Sadly, as we have recently seen in the IACLEA organization when executives step out on their own and make proclamations without consulting their colleagues crisis can and will develop.
The most recent example of such a flap is the Transportation Safety Administration’s (yes, the beloved TSA at your airport folks) decision to allow knives, golf clubs and hockey sticks aboard flights without consulting those potentially impacted.
Bloomberg reports today: The U.S. Transportation Security Administration will let people carry small pocket knives onto passenger planes for the first time since the Sept. 11 terrorist attacks, along with golf clubs, hockey sticks and plastic Wiffle Ball-style bats.
The agency will permit knives with retractable blades shorter than 6 centimeters (2.36 inches) and narrower than 1/2 inch, TSA Administrator John Pistole said today at an aviation security conference in Brooklyn. The change, to conform with international rules, takes effect April 25.

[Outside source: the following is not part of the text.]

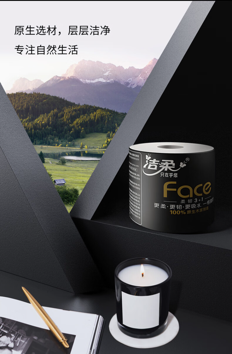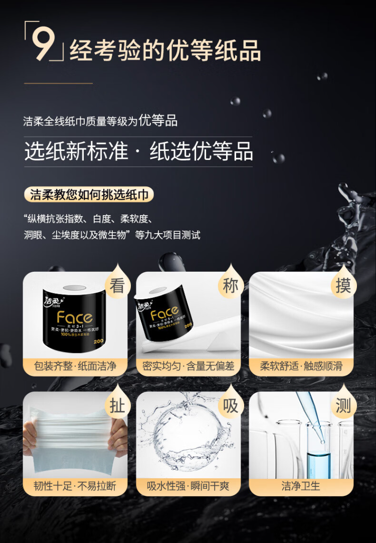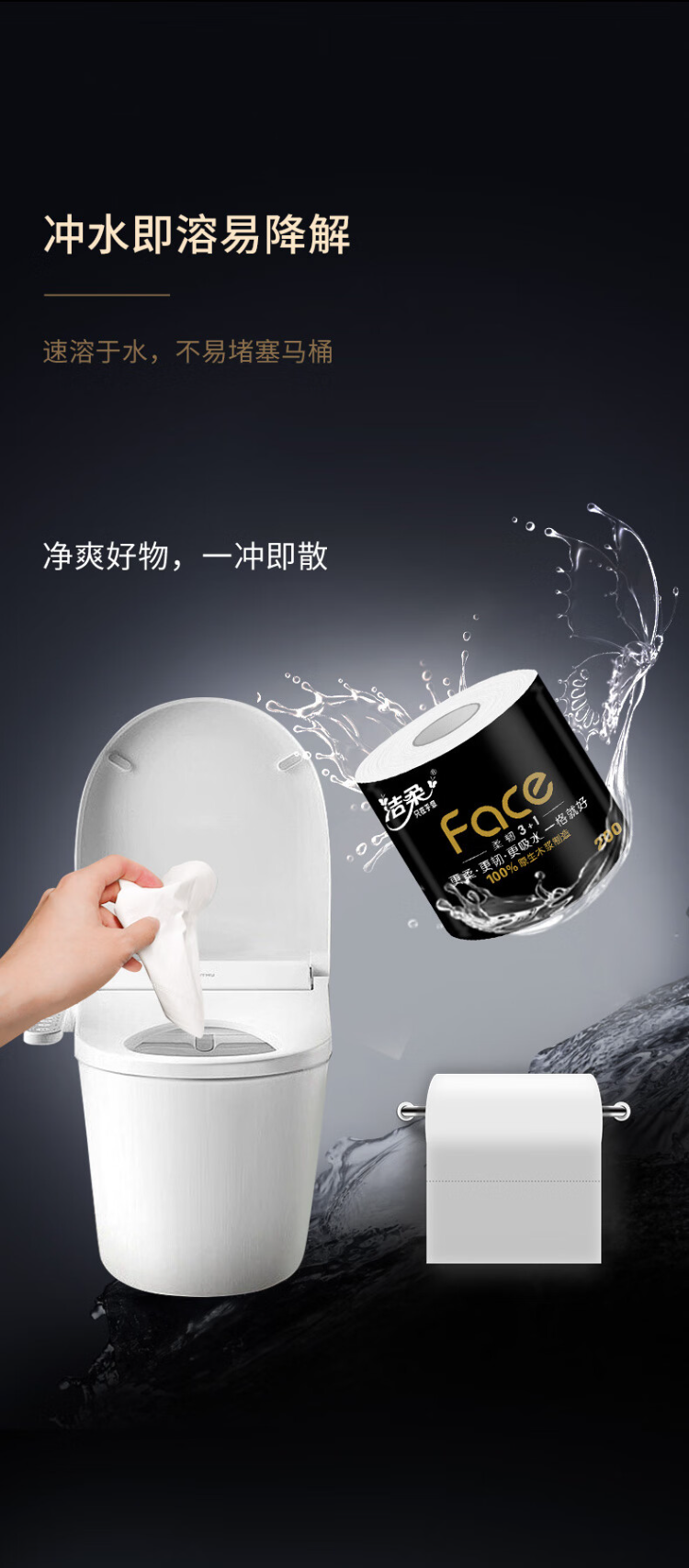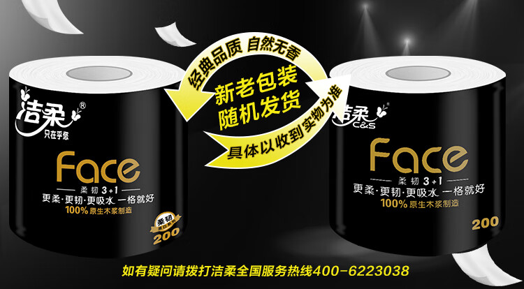 洁柔 JJ173-02 有芯卷纸 黑Face加厚4层200克*27卷 卫生纸整箱

Passengers will also be allowed to board flights with some other items that are currently prohibited, including sticks used to play lacrosse, billiards and hockey, ski poles and as many as two golf clubs, Pistole said.
The changes attracted criticism from labor unions representing flight attendants.
“This policy was designed to make the lives of TSA staff easier, but not make flights safer,” Stacy Martin, president of the Transportation Workers Union local that represents Southwest Airlines Co. flight attendants, said in a statement.
“While we agree that a passenger wielding a small knife or swinging a golf club or hockey stick poses less of a threat to the pilot locked in the cockpit, these are real threats to passengers and flight attendants in the passenger cabin,” Martin said.
You can read more about this created crisis at: http://www.bloomberg.com/news/2013-03-05/tsa-will-permit-knives-golf-clubs-on-u-s-planes.html
Sadly, it appears that many organizations have adopted the position of the White House in “never let a go to crisis go to waste.”
Such management styles don’t lend themselves to collaboration and support from those they manage and are responsible to.
You can solve and prevent such problems by involving those directly affected.